From "The Negative Zone" |
This is the foreword to "The Negative Zone", a sixteen-page comic created for my Comic Theory/Queer Studies course at Kent State, Spring 2021.
At the tender age of thirteen, I was frequenting coffee houses after dark with friends of friends, smoking cigarettes and consuming far too much caffeine, and listening as these strange cohorts discussed the philosophy of STAR TREK, made catty remarks about the entrances and exits of familiar faces, and whether or not “to pork” was an appropriate synonym for fucking.
Pengo, age 14 |
What does “all right” mean, anyway?
As found families go, this one was somewhat toxic and my takeaway included some bad wisdom. Around the same time I was introduced to NORTH STARR COMICS, which was first operated out of this guy’s basement, and later in the storefront of a motel. It was the kind of place dudes (pretty much entirely dudes) might hang out all day. It was a place of safety for nerds where we could eat crap and talk shit and read all the comics and crack jokes and watch movies and just be ourselves.
Pengo & Serena |
Alternative comics were actually worse. Unburdened by the COMICS CODE AUTHORITY these books could freely offer images of sex and sexual violence with impunity, and of course, even in such high-brow and critically acclaimed titles as V for Vendetta and Sandman, women were the subject of degrading abuse in a manner the men characters never were.
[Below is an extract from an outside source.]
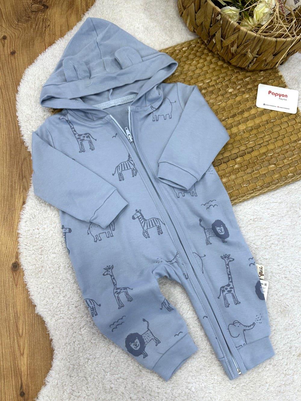 Safari Hayvanları Desenli Kapşonlu Fermuarlı Erkek Bebek Tulum (6-9/9-12/12-18/18-24 Ay) (FLEXI/252417/MAVI)

And so many of us (I include myself in this number) were homophobic and sexist by upbringing, if not by nature. A comic shop was a much an example of Foucault’s beloved PANOPTICON as anywhere else in the larger society where, by awareness of constant observation by others, we were still self-governing our behaviors and statements, for fear of judgement or punishment by the larger group -- even if the standards of that behavior in a comic shop was alternate to that which was found in school or on the streets.
Pengo, age 52 |
Many genres and subcultures came together under such roofs, the superhero FANGIRLS AND BOYS and the science fiction geeks, the fantasy seekers and their Wiccan counterparts. And yes, there were online systems back then where computer aficionados from different communities could chat with complete anonymity and pretend to be whoever they wanted to be.
If this all sounds perhaps a little risky, the underage and the aged interacting so far from the watchful eyes of parents and guardians, it was that, too. As it is in our schools and churches, and halls of government. But for those who sought the freedom to explore and to discover brave new identities, it was a haven, a sanctuary, a laboratory. We were IN THE ZONE.